Las fuerzas diabólicas, pues, usan la astucia, causan el vacío, la ignorancia, la sorpresa. La subsiguiente dialéctica, la división o la oposición son la fórmula magistral de su Baphomet, y con ellas se pretenderá romper aquella unidad de la inteligencia que ya citamos al inicio. La que da coherencia al mundo, la que es unión de fe.

Pues bien, tras el periodo de silencio y distracción empezarán la mezcla de verdades y errores en su vaso de precipitados para obtener la dilución. Brotará pues el pluralismo que provocará la dificultad de discernir, todo ingeniado para llevar de forma gradual el pensamiento verdadero en un sentido muy claro, de camino a la nada. Usan los procedimientos de los alquimistas por quienes las transformaciones de los elementos tienen como fin resultar en oro.
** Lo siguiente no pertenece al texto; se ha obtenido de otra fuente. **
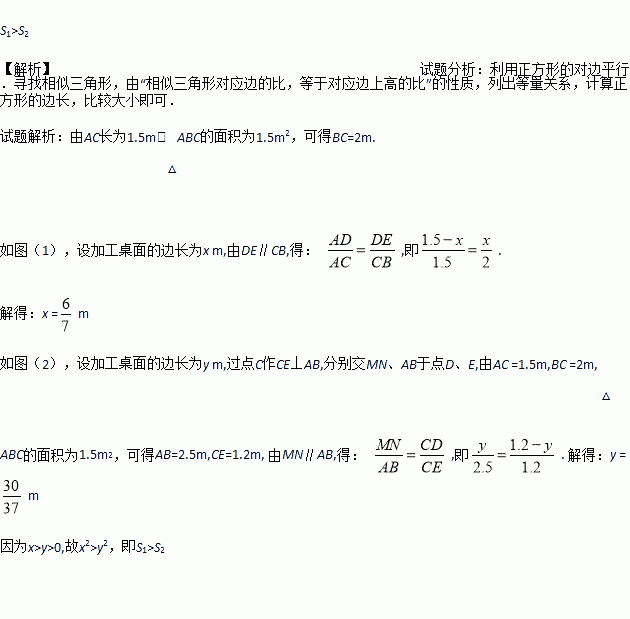 一块直角三角形的木板,它的一条直角边AC长为1.5米,面积为1.5平方米.现在要把它加工成一个正方形桌面,甲、乙两人的加工方法分别如图(ⅰ)、(ⅱ)所示,记两个正方形面积分别为S1、S2,请通过计算比较S1与S2的大小.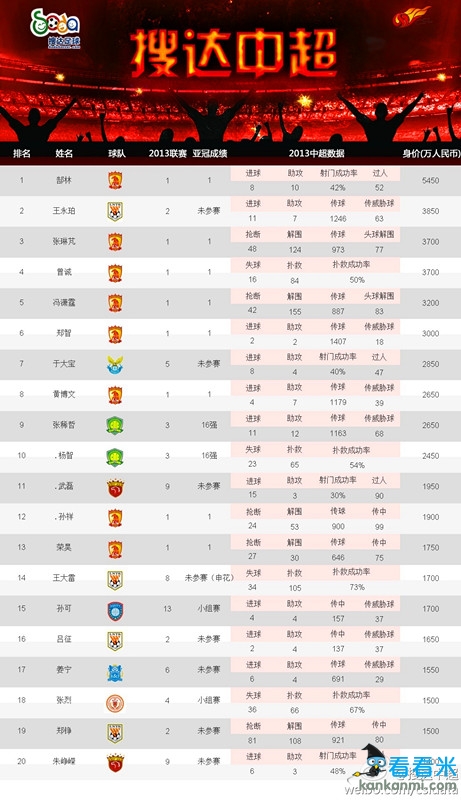中国球员身价排行榜:郜林5450万居首位 前十恒大占6人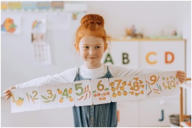 Young girl showcasing number cards in a vibrant cl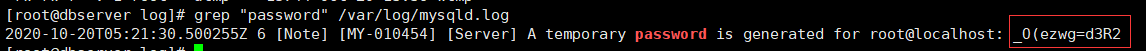 命令: grep "password" /var/log/mysqld.log

En efecto, pero sólo su oro, su conocimiento, su plenitud, su propia realidad, en fin, su endiosamiento. La reina de la noche bajará a los infiernos con el resto de escorias que fueron ensalzadas instrumentalmente para obtener el metal y se convierten en despreciables al ya disponerlo.
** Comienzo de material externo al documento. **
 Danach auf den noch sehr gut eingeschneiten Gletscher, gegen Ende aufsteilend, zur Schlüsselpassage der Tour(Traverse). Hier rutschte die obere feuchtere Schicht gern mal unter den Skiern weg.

Al frente, como señuelo, las dichas vanguardias sitúan el busto con semblante irreverente de una joven mujer de quien pende una teta al aire, y que suplanta a la libertad, mientras distrae la inteligencia y desfigura el conocimiento. La feminidad, por seguro, es esto para ellos: a la corta útil como medio, pero le tienen destinado el basurero, al fin y al cabo.

En esta tesitura de duda, de pluralismo, de campo minado, pues, es crucial el combate de la razón. En nuestro tiempo necesitamos más que nunca de la unión intelectual, el discernimiento, una clara visión metafísica que nos permitirá trazar la respuesta en cada caso particular. En nuestro tiempo necesitamos de la prudencia. Son la unión intelectual y la prudencia las que permiten la comunión en la fe, las que garantizan que la libre voluntad se adhiera a la verdad y se mantenga en ella saboreando los frutos que la clarividencia nos brinda. Así, cuando llegue el momento, triunfará la Caridad, virtud con mayúsculas, fundamento de la civilización cristiana defendida por los Padres y tan necesaria para la salvación. Bueno, mejor dicho, reinará la virtud del amor cuando Él provea por gracia del Espíritu Santo.